LinkedIn is a temple for nauseating humble-bragging and it’s getting worse! Inspirational rags-to-riches and identical motivational encounters were posted yet again, almost word-for-word. ‘So proud to share’ and ‘Beyond excited to be at’ posts of employees trying to polish their latest corporate event. CEOs having Damascene transformations from their child’s innocent remark (‘give him a chance daddy’) test our gag reflex. Yet we appear to believe them and are even moved by them.
“Every like is for support”, posts Michael D Oliver of Fiducia Partners who know well that the image of the easy-on-the-eye ‘Ukrainian women of war’ comes from an entirely unrelated 2021 article “Can You Marry A Female Soldier?”. 333,000 users of LinkedIn ‘liked’ this lie.
We draw inspiration from Josh who lived in a storage unit in LA and now he’s fabulously rich. In his words he ‘made sh*t happen’ and we should ‘do whatever it takes.
Michelle Thomas’s comments under Mac Schlesinger’s post summed up the general response to his LinkedIn post well: ‘What an absolute disgrace of a human ?’. Not the response Mac was hoping for when he shoehorned news of his corporate event into the main news story of the day.

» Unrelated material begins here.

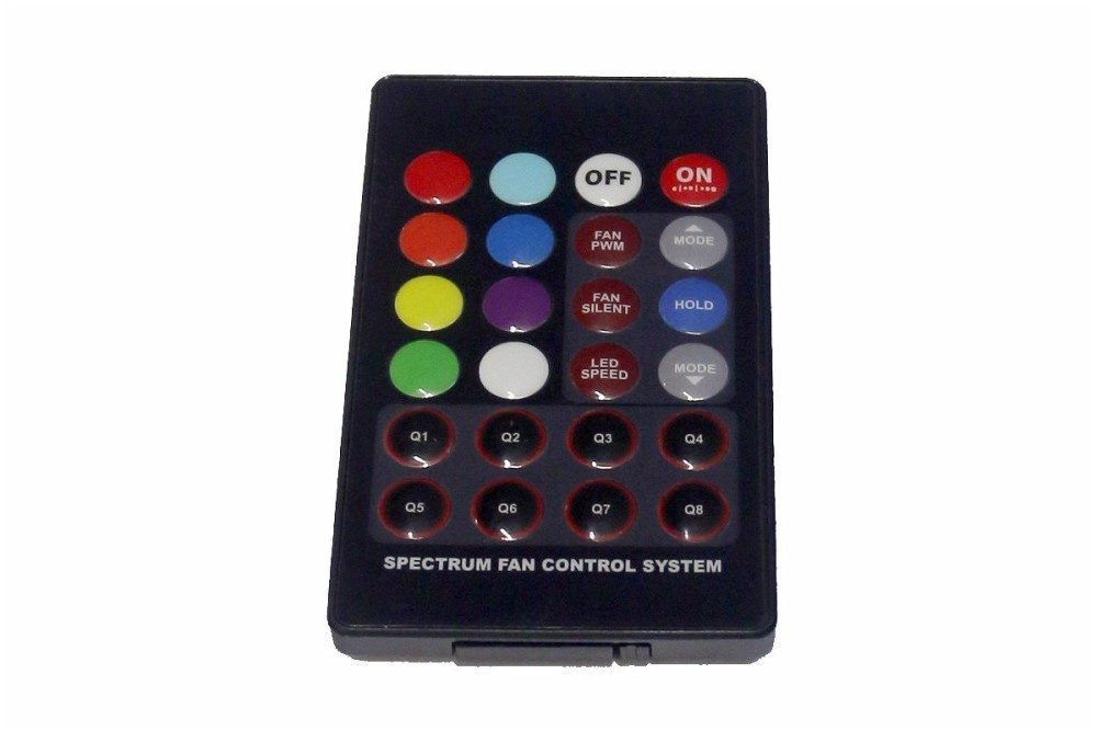 - diaľkové ovládanie (možnosť voľby farby alebo efektu podsvietenia s možnosťou vypnutia, riadenie otáčok ventilátorov s možnosťou vypnutia)

Brigette ‘liked’ a post from someone looking for a job. 300,000 views of that post later there were only 2 job interviews. If you’re going to make up a humblebrag, do it properly Brigette.
Jordan Belfort, best known for stealing $200 million from investors and spending 22 months in prison, can’t resist humblebragging that he didn’t quite make ‘one million a week’. As one LinkedIn user put it: ‘A bit like a bank robber who is pissed because they couldn’t fit all of the bank’s cash in the duffel bags that they brought!’